The Force, through its own failure to deploy the rules in its traffic management regime, for example, has come to be seen as executing a traffic management ‘policy’ that is studded with shameless shakedowns of traffic offenders. There exists an acute awareness of these practices at the highest levels of the Force. Little wonder that observers have long come around to the view that the persistence of the ‘traffic hustle’ is a function of its official ‘acceptance’ as a sanctioned ‘side hustle’ for underpaid cops.
It is not difficult to see how ‘arrangements’ such as this can easily slip into dimensions of ‘darkness.’ In our particular instance this has been manifested in what is now widely regarded as a getting into bed between policemen and minibus operators, the former providing ‘cover’ for transgressions by the latter, many of whom are wholly unreliable ‘partners,’ given their proclivity for the ‘wild side’ as far as regard for road rules are concerned. ‘Connections’ with traffic cops have armed those minibus operators with a sense of empowerment that causes them to see themselves as being immune from sanctions associated with the operation of their buses.
One particularly distasteful manifestation of traffic administration is what often appears to be the ad hoc creation of seemingly random ‘checkpoints,’ some of them close to police stations, where motorists whose ‘papers’ are deficient in one respect or another, are confronted with a choice of either ‘coughing up’ or facing a charge.
Time was when these traffic ‘campaigns’ used to occur less frequently and with far greater mindfulness of discretion. Those days are now behind us, supplanted by unwholesome ‘transactions’ that frequently occur with both traffic ranks and uniformed officers in attendance.
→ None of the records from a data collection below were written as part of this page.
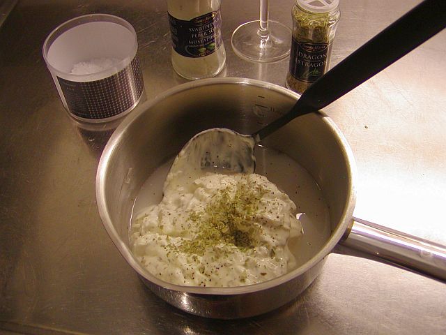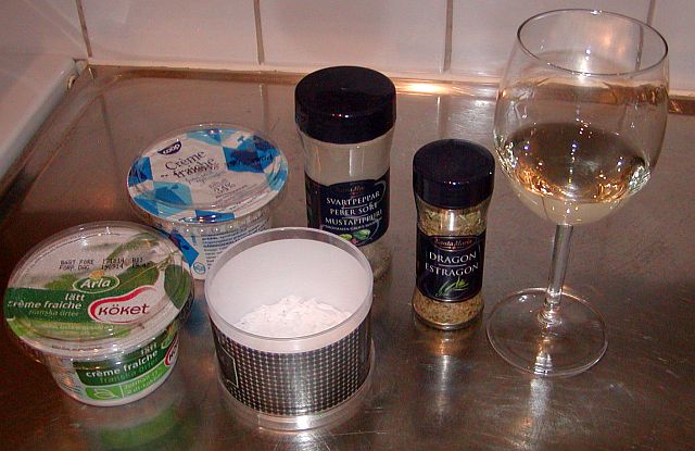Under tiden gör du såsen. Häll båda sorterna crême fraiche i en kastrull, tillsätt det vita vinet och dragon. Rör om ordentligt och låt koka upp.
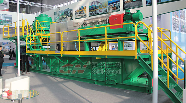 本屆石油展我們推出了一款鉆屑處理系統(tǒng)。該系統(tǒng)包括一個(gè)立式巖屑甩干機(jī),一個(gè)高速離心機(jī),雙螺桿泵和兩個(gè)正壓控制系統(tǒng)。該系統(tǒng)是綜合我們大量客戶的實(shí)際要求而設(shè)計(jì)的標(biāo)準(zhǔn)化鉆屑處理系統(tǒng),可以為客戶處理不同工況下的水基泥漿和油基泥漿。
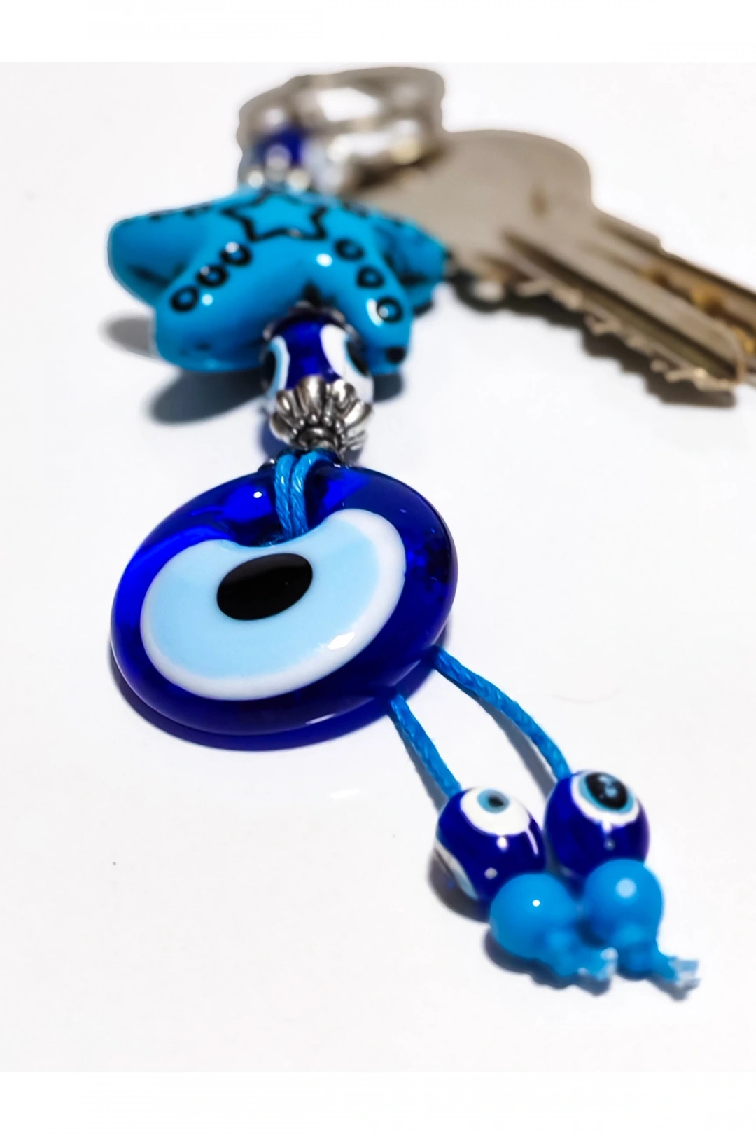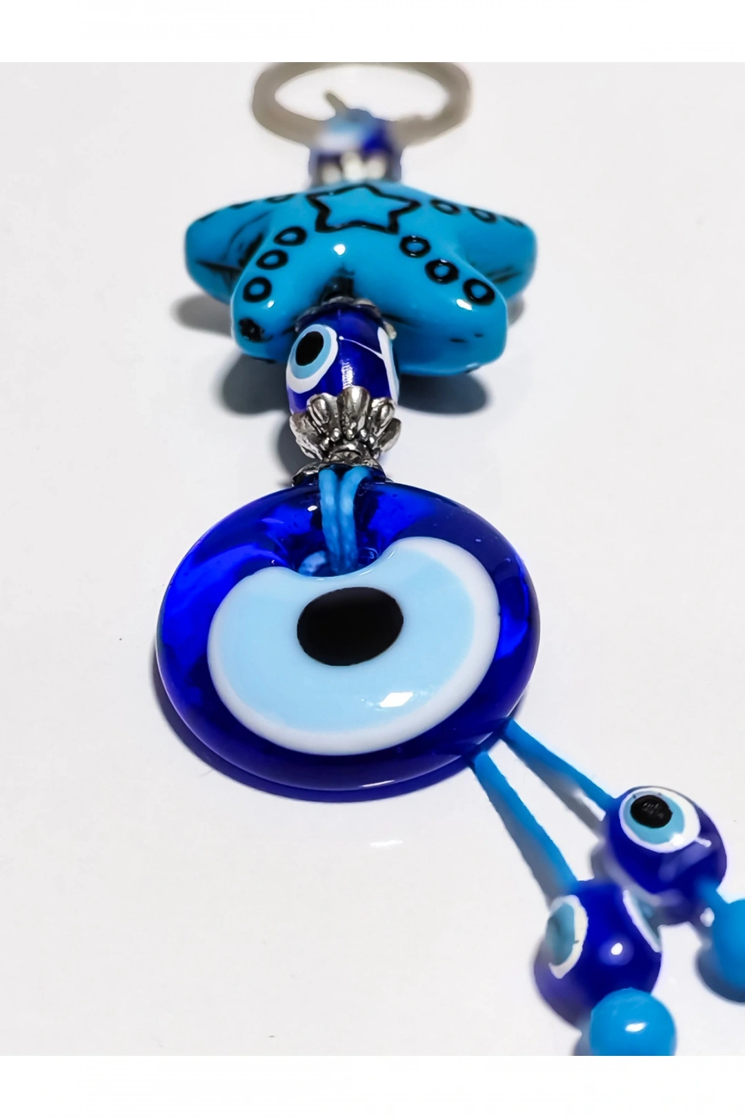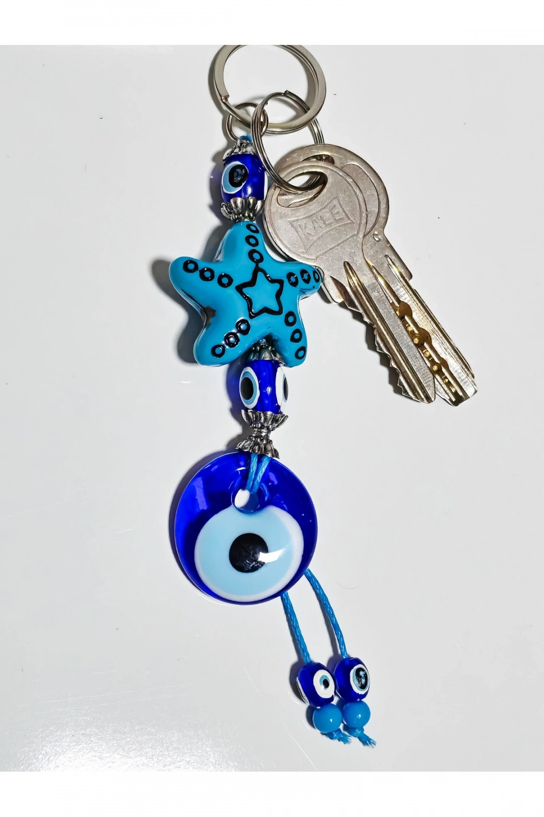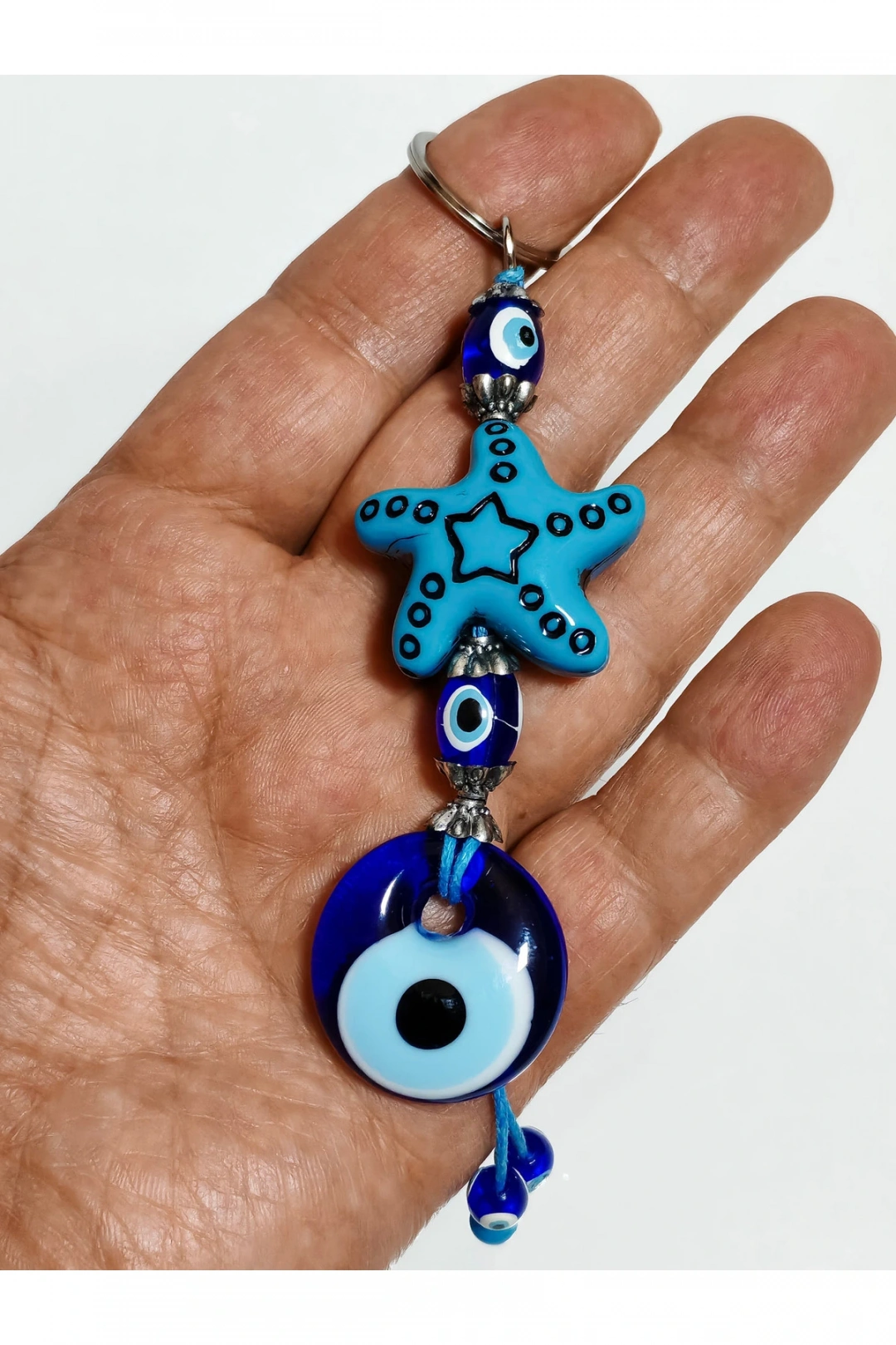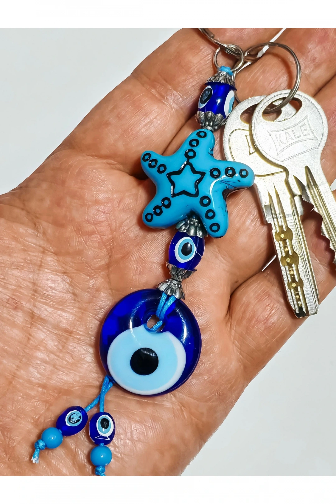 Deniz Yıldızlı Cam Nazar Boncuklu Anahtarlık – Şans, Zarafet ve Deniz Esintisi Bir Arada
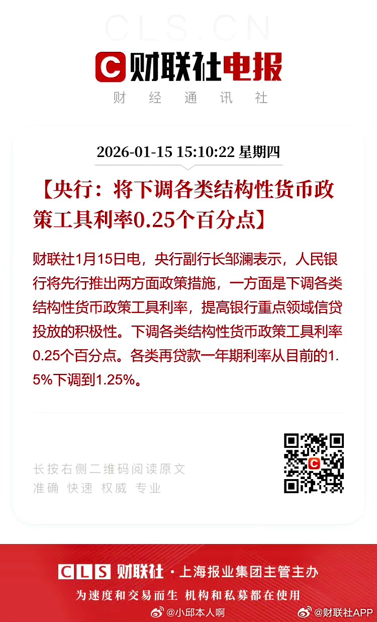 央行刚刚宣布:把几类“定向贷款”的利率都降了0.25%,比如专门给小微企业、农业、科技企业、绿色项目用的那些便宜贷款。打个比方,以前银行拿1.5%的利息从央行借钱去支持这些领域,现在只要1.25%——成本更低了,银行就更愿意放贷,企业借钱也更便宜。
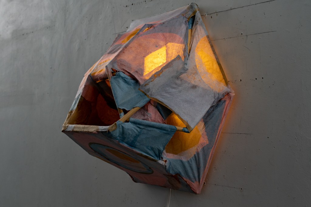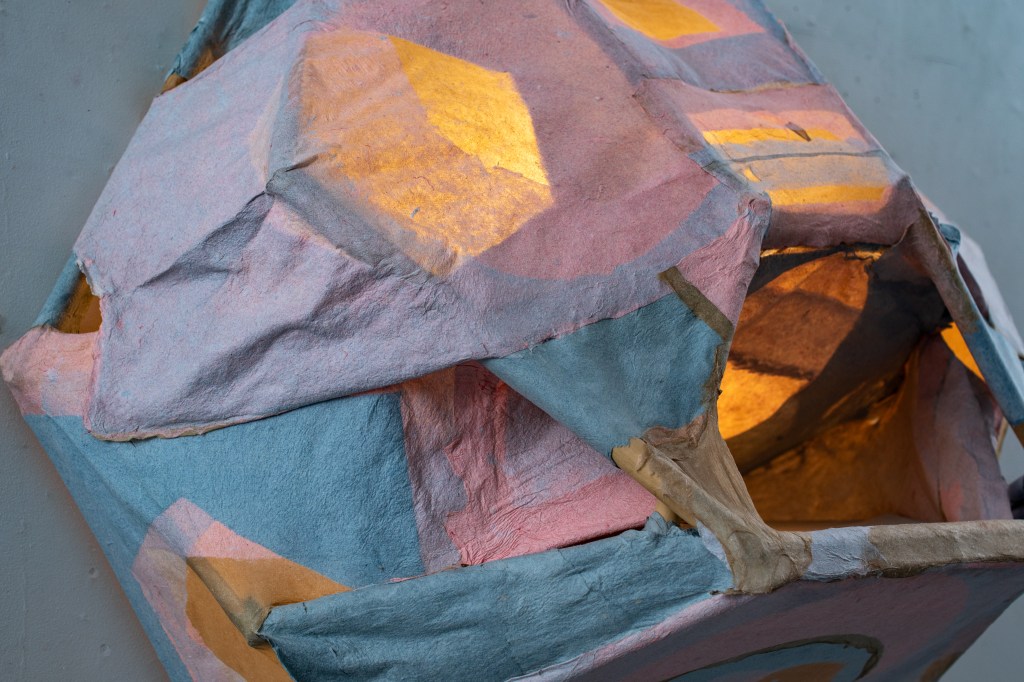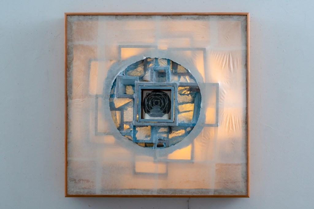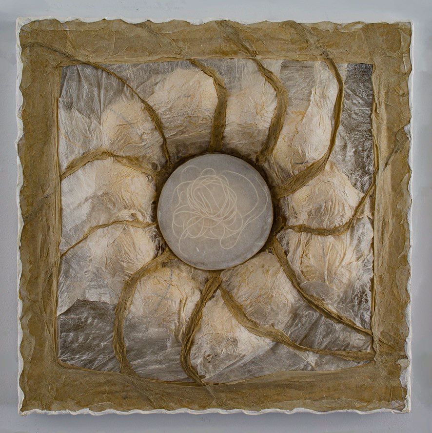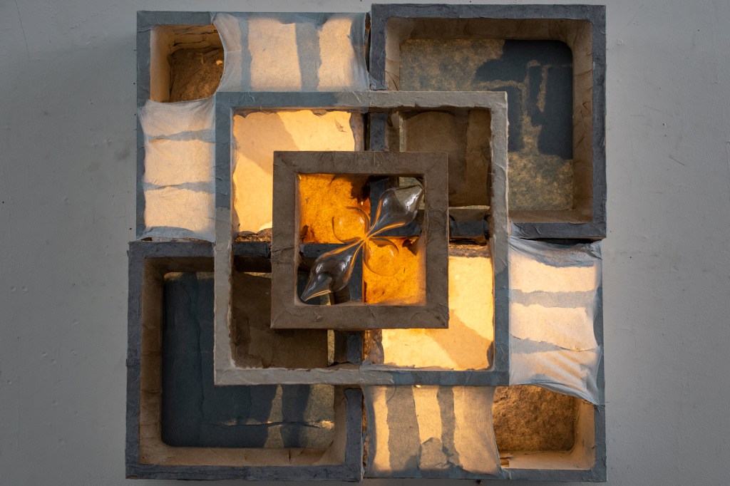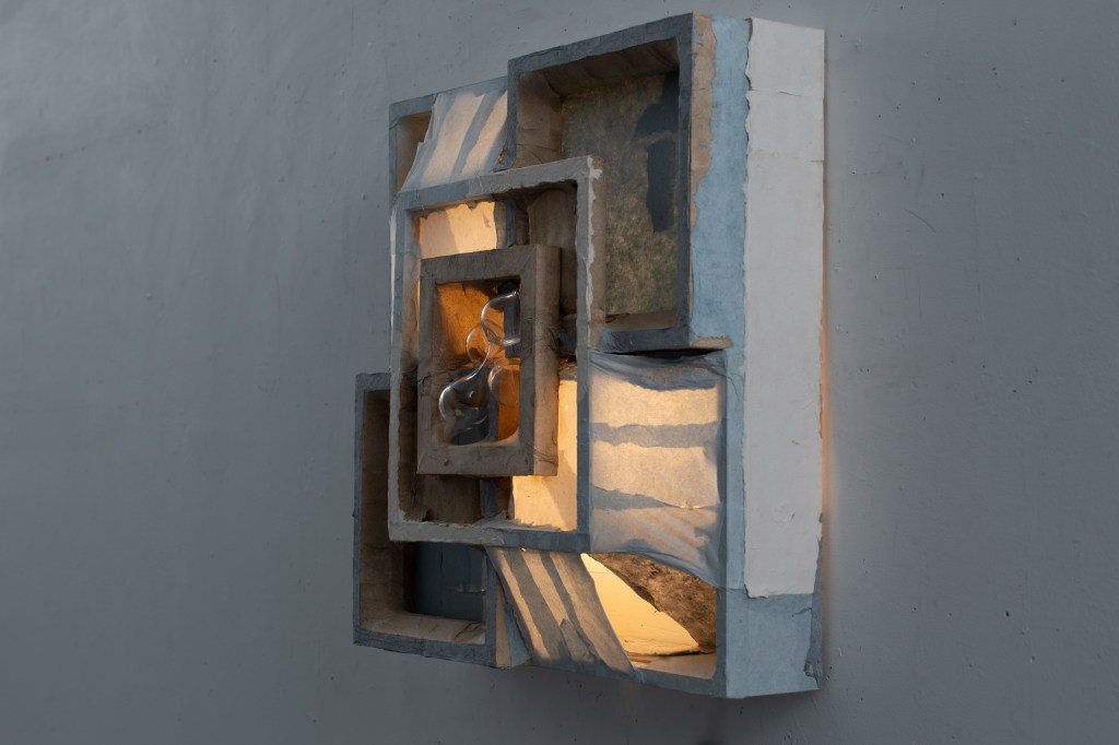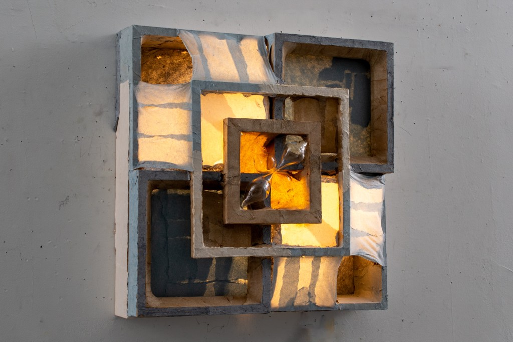 Handmade paper (made from the artists clothing), glass, mirror, and wood

What is noteworthy about these departures from the rules pertaining to the administration of traffic is that they never seem to come up for incisive contemplation at the appropriate levels. They persist with the kind of monotonous regularity as if they have become grafted on to the substantive traffic administration rules themselves. What appears to obtain in the realm of traffic administration and in some other areas of the administration of law and order, as a whole, often appears to not fit into any clearly defined regimen of rules and regulations. Neither at the level of Cabinet nor at the level of the high command of the Force itself do we ever hear anything resembling expressions of concern over what so often appears to be startling anomalies in aspects of our traffic management.
One wonders too whether what has been doing the rounds about the emergence of ‘understandings’ between minibus operators and traffic ranks that work to the benefit of both sides, does not represent a further descent into the ‘hijacking’ of the law that has the effect of further ‘empowering’ those minibus operators who seek to ‘own’ the law’ and a traffic management regime that appears only too willing to oblige.
Tragically, people are beginning, increasingly, to embrace the view that the practices that inform the Force’s traffic management regime extend into other areas of law enforcement.